Maka dari itu, dalam penanggulangan hama padi huma, masyarakat Baduy
menggunakan racikan biopestisida dan rawun pare daripada pestisida pabrikan
yang dianggap dapat meracuni dan merusak lingkungan.
Upaya
mengusir hama padi huma tersebut tampaknya cukup berhasil. Buktinya, kejadian
puso panen padi huma akibat gangguan hama sangat jarang terjadi di Baduy.
Mengapa demikian? Pasalnya, berbagai tumbuhan untuk biopestisida atau rawun
pare orang Baduy dikenal secara ilmiah (etik) termasuk kategori tumbuhan
pengusir hama (repellent).
Kehidupan
mereka yang sederhana membuat mereka tidak terlalu mementingkan harta, yang
penting uang yang mereka miliki cukup untuk makan dan kebutuhuan penting
lainya. Sebuah nilai kearifan lokal yang sekarang ini jarang bisa ditemui lagi
mengingat sekarang ini banyak masyarakat yang menganggap bahwa uang adalah
segalanya dan uang adalah raja yang harus mereka cari dan kumpulkan sebanyak-banyaknya
untuk keberlangsungan hidup mereka.
Pelaksana
sehari-hari pemerintahan adat kapu’unan (kepu’unan) dilaksanakan oleh jaro,
yang dibagi ke dalam empat jabatan, yaitu jaro tangtu, jaro dangka, jaro
tanggungan, dan jaro pamarentah. Jaro tangtu bertanggung jawab pada pelaksanaan
hukum adat pada warga tangtu dan berbagai macam urusan lainnya. Jaro dangka
bertugas menjaga, mengurus, dan memelihara tanah titipan leluhur yang ada di
dalam dan di luar Kanekes. Jaro dangka berjumlah sembilan orang, yang apabila
ditambah dengan 3 orang jaro tangtu disebut sebagai jaro dua belas. Pimpinan
dari jaro duabelas ini disebut sebagai jaro tanggungan.
Adapun
jaro pamarentah secara adat bertugas sebagai penghubung antara masyarakat adat
Kanekes dengan pemerintah nasional, yang dalam tugasnya dibantu oleh pangiwa,
carik, dan kokolot lembur atau tetua kampung. Prinsip kearifan yang dipatuhi
secara turun temurun oleh masyarakat Baduy ini membuat mereka tampil sebagai
sebuah masyarakat yang mandiri, baik secara sosial maupun secara ekonomi.
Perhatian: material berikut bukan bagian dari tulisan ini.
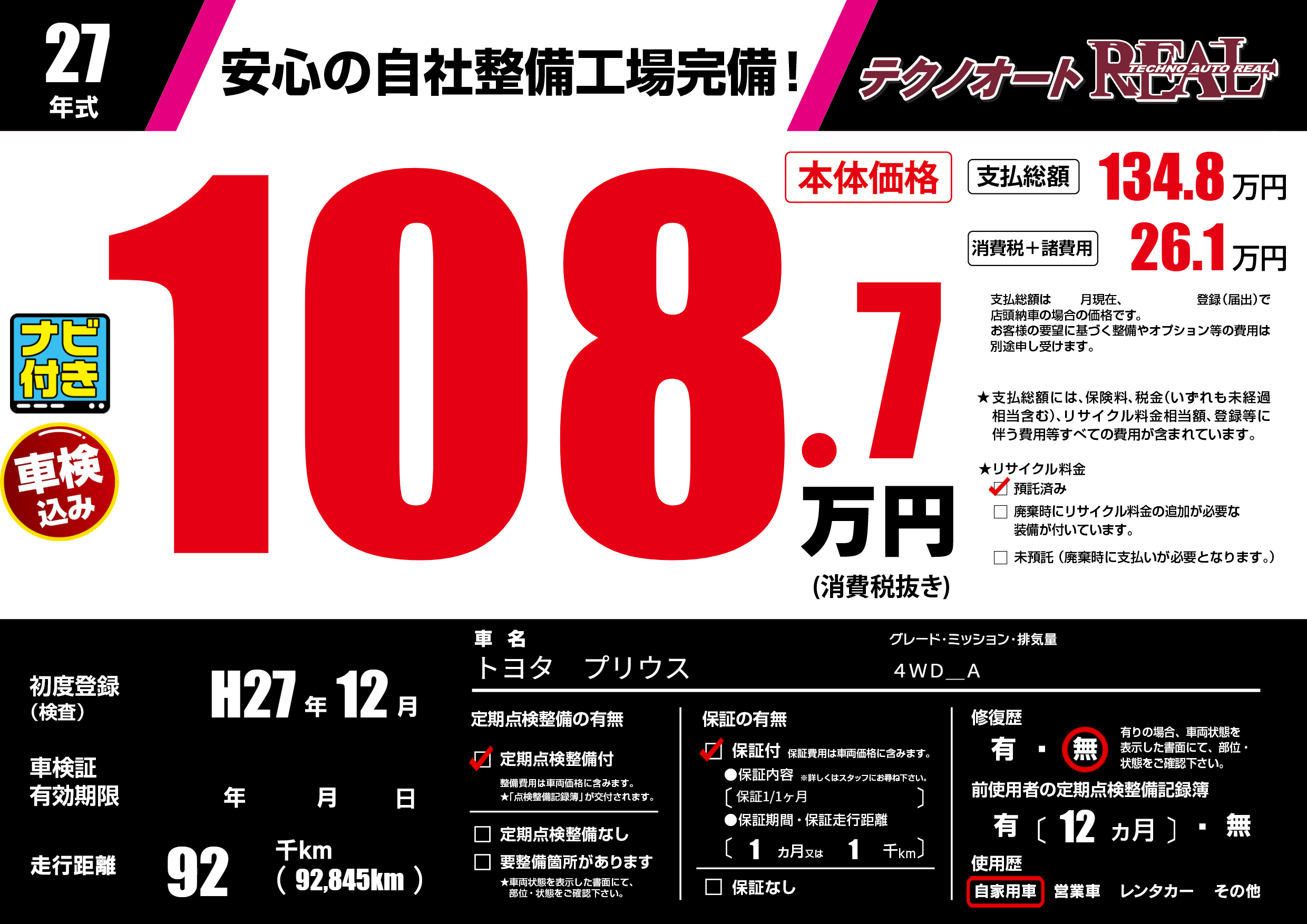 | 走行キロ | 9.2万km | 初年度登録 | H27年12月 |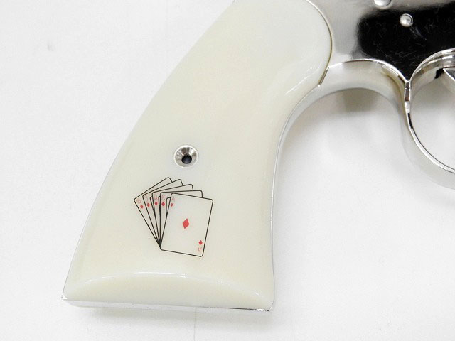 コレクターの間で超有名な、1989年に限定販売された“スネーク・アイズ”。底面にシリアルナンバーの入ったフレームと、「SNAKE EYES」刻印のレッドランプ付き2.5inchバレルを備え、アイボリー・グリップにはサイコロのゾロ目(蛇の目)と、ロイヤルフラッシュのポーカーハンドが刻まれています。
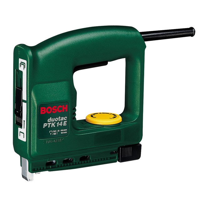 Электрический степлер Bosch PTK 14 E оснащен автоматикой Bosch-duotac - для забивания двух скоб одновременно. Предусмотрена функция одиночного или многократного удара. Степлер оснащен электронным управлением и указателем количества скоб. Выполнение удара осуществляется за счет нажатия на курок и прижима острия степлера к заготовке.
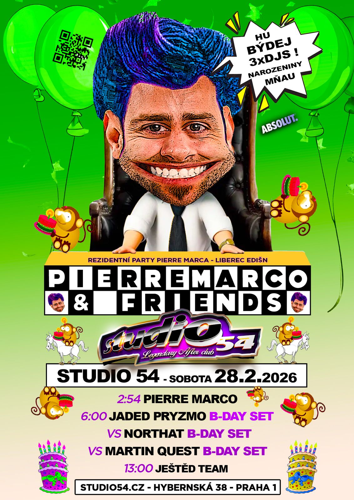 Discover the legend of Prague's After Parties. Over 22 years we bring amazing sound and wonderful atmosphere, which is waiting for you! Finish off your party night in the most renowned Prague's After Club. Studio 54 is open on these days.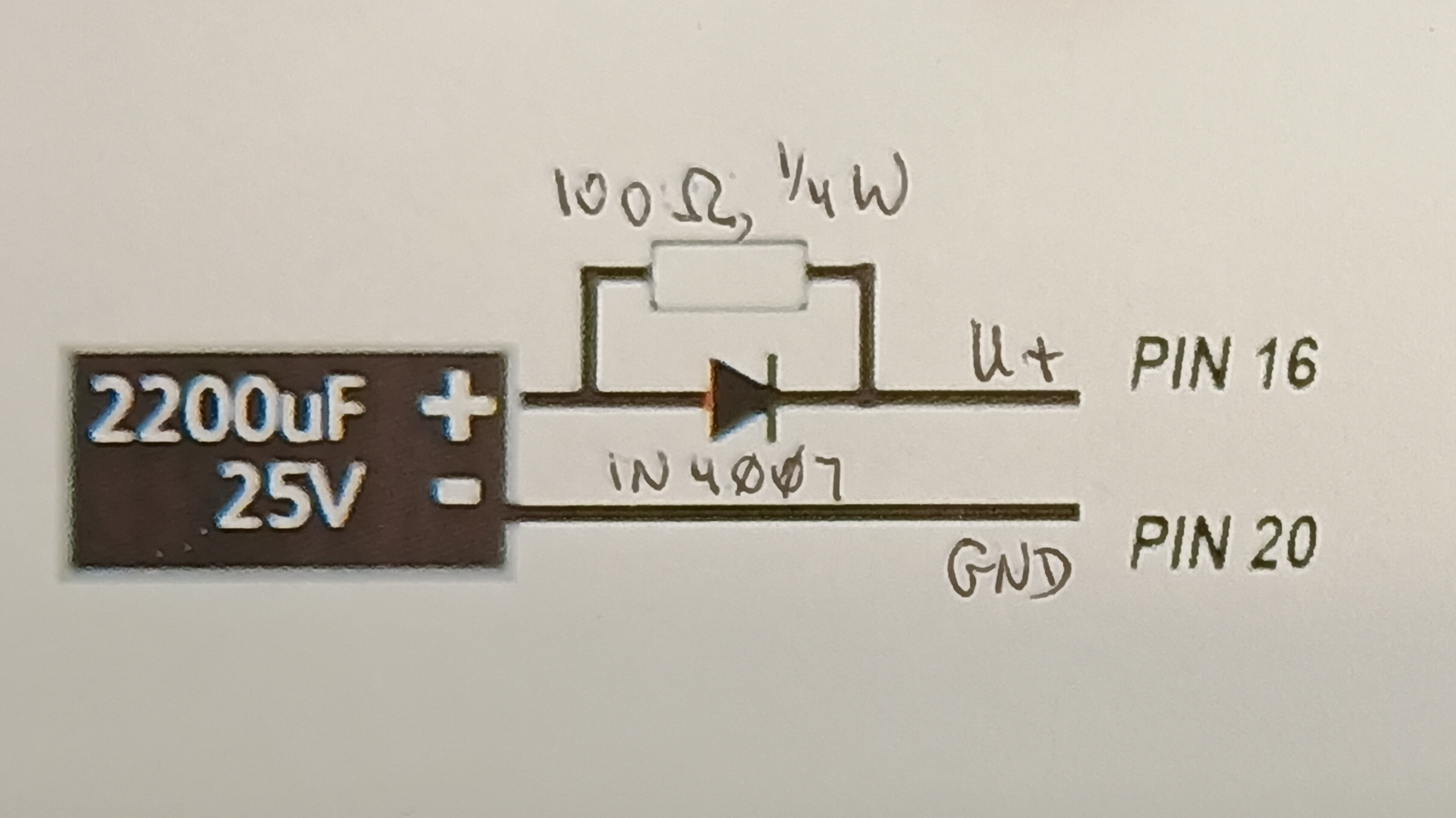 It is a pain to get my solder tip onto the positive side of the smoothing cap, really tight space. Alternatively; I’ve found a good spot to solder on another capacitor, easy access, but this one is connected to MTC pin 16, which is +Ub after the current measuring resistor and safety switch. Guess this will also work, as long as the “+Ub switch” stays on (no overcurrent or other major issue..) But feels a bit more risky to solder in here.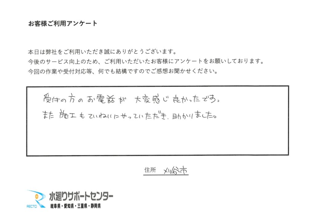 刈谷市のお客様の声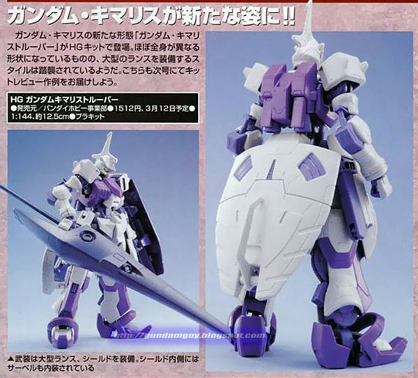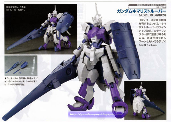 หุ่นประกอบ Gunpla ตัวนี้ เป็นหนึ่งในกันดั้ม 72 แบบที่เคยมีการผลิตและได้ถูกผลิตออกมาใช้ต่อต้านภัยพิบัติทางสงครามเมื่อประมาณ 300 ปีที่ผ่านมา หุ่นรบ Kimaris ตัวนี้ ได้ได้ยกเปลี่ยนชุดเกราะเดิมภายนอกสำหรับเสริมอาวุธหลัก อย่างหอก โล่ที่หลบใบมีดไว้ภายใน และยังเป็นหุ่นที่ถูกส่งออกไปปฏิบัติภารกิจและมีเปอร์เซ็นต์ประสบความสำเร็จสูง ด้วยประสิทธิภาพของตัวหุ่นที่มีเครื่องปฏิกรณ์เอฮับถึง 2 อันด้วยกัน โดยมีผู้ขับ คือ Gaelio Bauduin นั่นเอง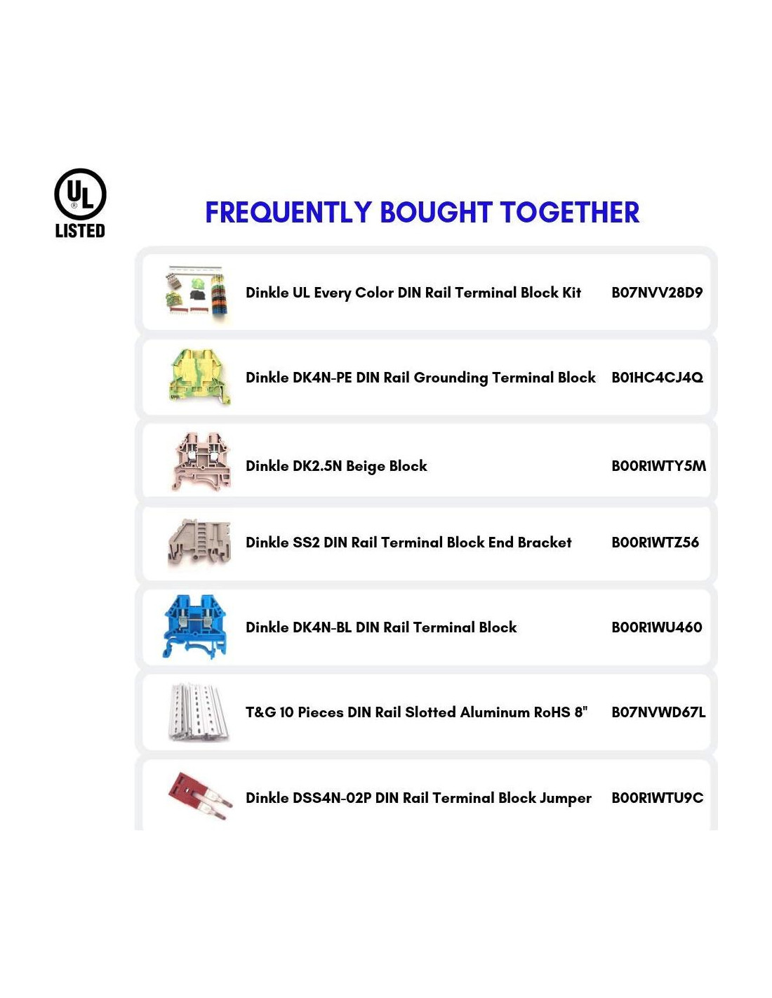 - Organice y asegure sus proyectos con este Kit de Bloques de Terminales DIN Dinkle que cuenta con un duradero riel DIN de aluminio, conectores de bloques de terminales, puentes de 10 polos y accesorios para optimización.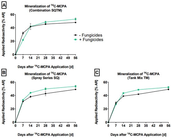 The mineralization (% AR) of MCPA in the absence (-F, black line) and presence (+F, green line) of the fungicides on days 0, 7, 14, 28, and 56 are presented. (A) SQTM-F: control, SQTM+F: combination (B) SQ-F: control, SQ+F: spray series, and (C) TM-F: control, TM+F: tank mix. The mean values and standard deviations were derived from triplicates (n = 3).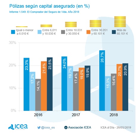 El comprador de seguros de Vida en 2018 es un varón (el 56,5% de los compradores), de entre 35 y 44 años (el 28,7% del total), casado (un 43,6%), y residente en capitales de provincia (un 23,9%), que contrata seguros de riesgo con un capital asegurado medio de 39.064 euros y con una duración de menos de cuatro años (el 70,5%).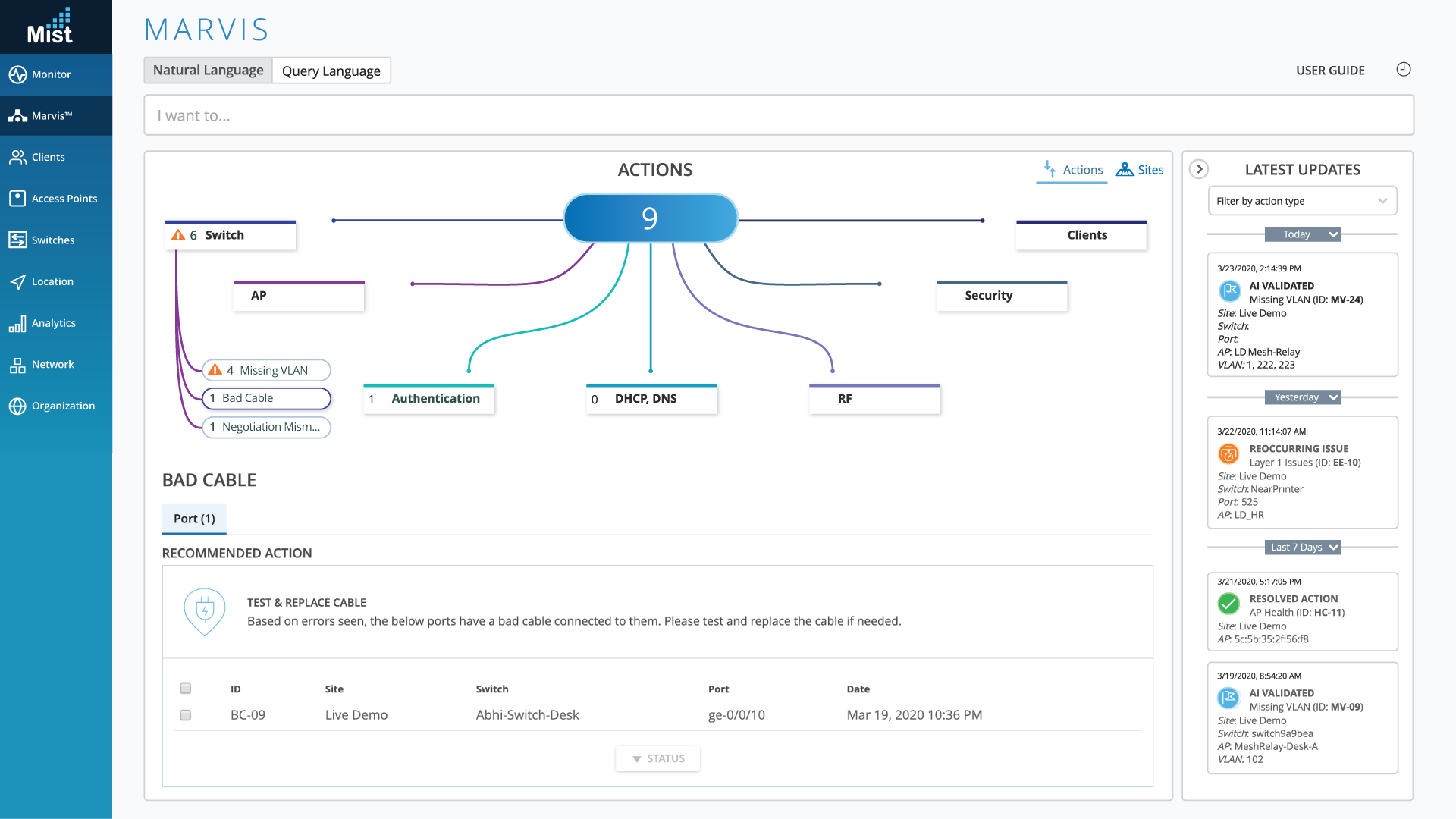 Unter AI-driven Networking verstehen wir eine Kombination aus künstlicher Intelligenz, maschinellem Lernen und Data Science-Techniken, um die User-Experience Ihrer Mitarbeiter zu optimieren und die Betriebsabläufe in den Bereichen drahtloser Zugriff, kabelgebundener Zugriff, und SD-WAN-Umgebungen zu vereinfachen.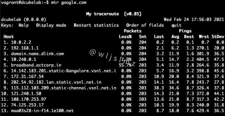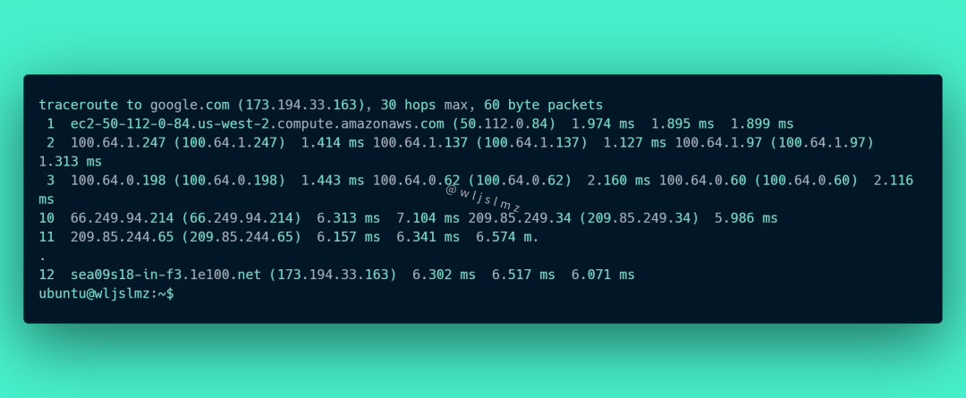 上面的输出显示了从 wljslmz AWS ec2 服务器到达 google.com 的跳数 (12)。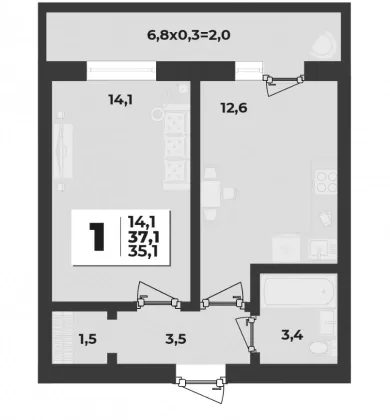 Продается однокомнатная новостройка, 37.1 кв.м., 2/5 эт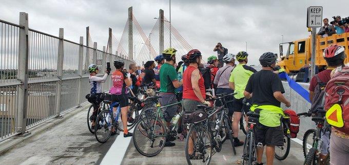 Today around 12pm, The Kosciuszko Bridge's second span has its grand opening with Governor Cuomo and local elected officials. The first cyclists and pedestrians were on the bridge to use the new walkway/bikeway on the bridge.

Karena itu, ketika badai krisis keuangan global melanda dunia, dan merontokkan
pertahanan ekonomi kita di awal tahun milennium ini, suku Baduy terbebas dari
kesulitan itu. Hal itu berkat kemandirian mereka yang diterapkan dalam prinsip
hidup sehari-hari.
Masyarakat
Baduy sangat percaya bahwa segala sesuatu di alam ini telah diciptakan oleh
Sang Maha Pencipta. Oleh karenanya, sebagai manusia yang juga diciptakan,
manusia tidak memiliki kepatutan untuk merusak seperti memotong atau menyambung.
Konsep hidup yang diserahkan pada gagasan natural ini jelas memperkuat
masyarakat Baduy secara umum bahwa mereka dilahirkan untuk menjaga stabilitas
alam agar tetap seimbang.
Kesederhanaan
hidup ini adalah cara mereka untuk “bersatu” dengan alam. Pikukuh yang menjadi
pegangan hidup mereka dianggap sebagai harga mati dan tak boleh diubah.